Figure 5 displays a partial list of the random speckle pattern matrices and orthogonal speckle pattern matrices. The inner part displayed the distribution of the speckle pattern matrix, while the outer part showed the speckle patterns for each projection.
Discussion
We simulated four types of GIs for four types of objects with a distribution of \(128\times 128\) pixels. Random speckle patterns, Walsh speckle patterns, and Haar speckle patterns were selected for comparison with our proposed LMS patterns. There are four different types of objects being tested. “ILMNE” represents the digital type, “Cell” represents the cell type, “Tumor” represents the medical type, and “Cameraman” represents the human type. The simulated results of random speckle pattern GI (Random-GI), Walsh speckle pattern GI (Walsh-GI), Haar speckle pattern GI (Haar-GI), and LMS-GI are shown in Fig. 6a. Due to the random nature of the random speckle patterns, the imaging quality for this type of GI is significantly lower than that for the other three GIs. Moreover, these three types of speckle patterns are orthogonal. Thus, perfect imaging can only be achieved at the sampling rate of \(\beta =100\)%. In addition, Walsh GI and Haar GI exhibit noticeable vertical stripe-like noise at low sampling rates. In contrast, LMS-GI can detect the overall trapped contour at a low sampling rate (\(\beta =0.64\)%). Furthermore, at a sampling rate of \(\beta =2.48\)%, the imaging results of LMS-GI fulfills the general requirements. At a slightly higher sampling rate of \(\beta =5.00\)%, details are clearly distinguishable in the “ILMNE”, “Cell”, and “Tumor”. In addition, the silhouette of the portrait in “Cameraman” is clearly visible, and the details of the camera stand are also distinct. The subjective judgment method alone is not sufficient to validate the excellent imaging quality of LMS-GI. Therefore, SSIM and PSNR analyses of the images were performed, as shown in Fig. 6b, c. In the SSIM shown in Fig. 6b, the LMS-GI value is significantly higher than that of Random-GI and Haar-GI. However, the Walsh-GI had a higher value than the LMS-GI in certain iterations of the experiment, which can be attributed to the SSIM calculation method, which can be attributed to the SSIM calculation method. In combination with the PSNR shown in Fig. 6c, the significant advantage of LMS-GI over the other GI methods at sampling rates below 10.0% is evident.

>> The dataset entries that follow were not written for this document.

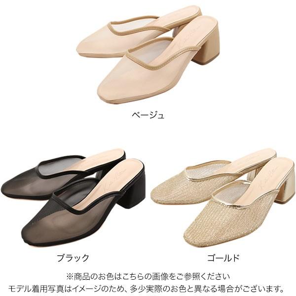 ミュール 透け感 メッシュ スクエアトゥ シースルー 春夏 レディース 靴 シューズ 大人 上品 太ヒール ...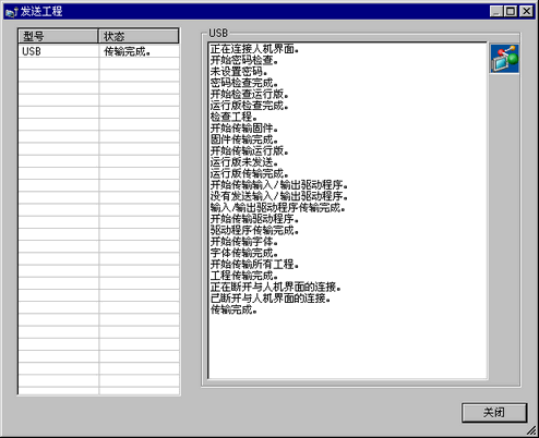 (在传输过程中,人机界面更改为传输模式,与控制器/PLC的通讯暂停。)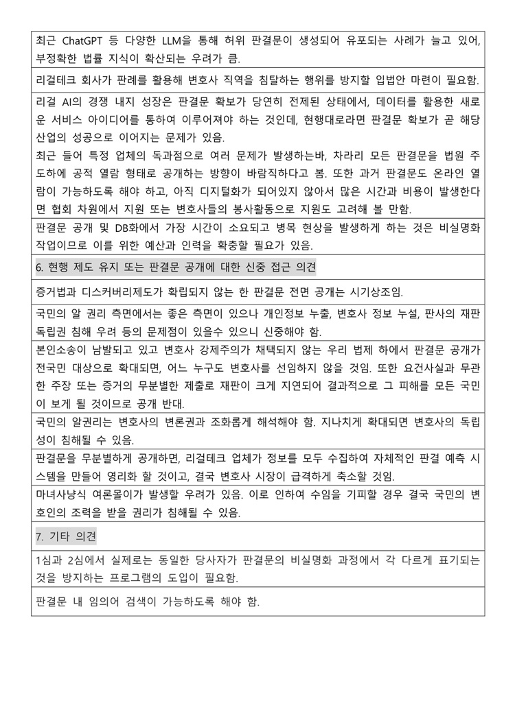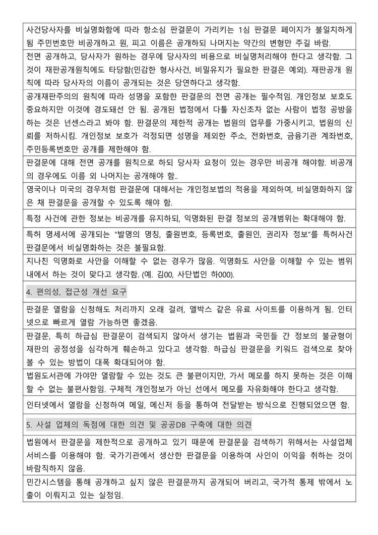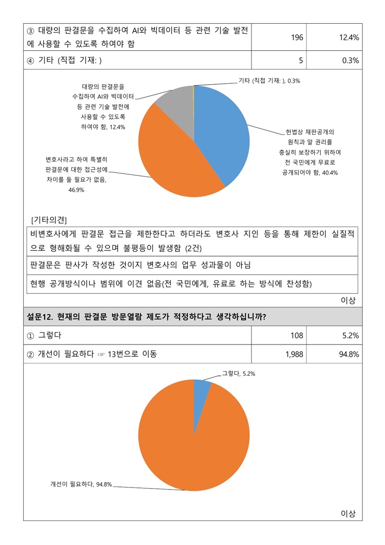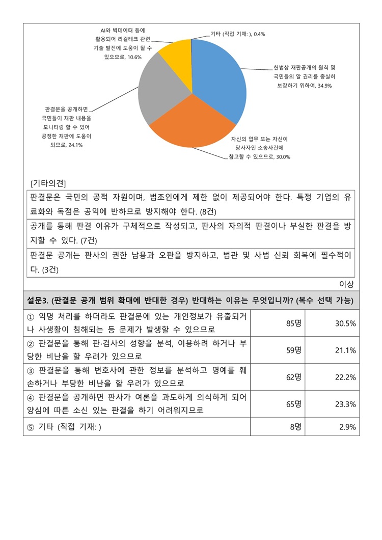 조사 결과, 전체 응답자의 94.2%가 판결문 공개 범위를 현행보다 확대하는 것에 찬성하였으며, 그 이유로는 헌법상 재판공개의 원칙 및 국민의 알 권리 보장(34.9%), 소송사건 참고를 위해(30%), 공정한 재판에 도움(24.1%)이 있었고, AI와 빅데이터 등에 활용되어 리걸테크 관련 기술 발전에 도움(10.6%)이 된다는 의견 역시 확인할 수 있었다.

To judge the imaging robustness, we added 1.0% relative random noise to the bucket of these four types of GI, and the imaging results are shown in Fig. 7a. We added 1.0% random wave noise by averaging the received values of the bucket detector, using a multiplier operation and a random function. Combined with the data shown in Fig. 7b, it can be seen that the image quality of LMS-GI was the best at the same sampling rate, indicating its relatively superior robustness compared to the other types of GI. At this time, 1.0%, 2.0%, 3.0%, 4.0%, and 5.0% relative random noise were added to the bucket detector of LMS-GI. The imaging results at a sampling rate of 2.48% are shown in Fig. 7c. It can be seen that even with noise, the imaging quality of LMS-GI was still better than the other three ideal imaging results without noise when the sampling rate was the same. By combining the SSIM and PSNR in Fig. 7d, e, it can be observed that LMS-GI was impacted by noise, leading to a decrease in its imaging quality as the level of noise increased. However, its robustness remained reliable.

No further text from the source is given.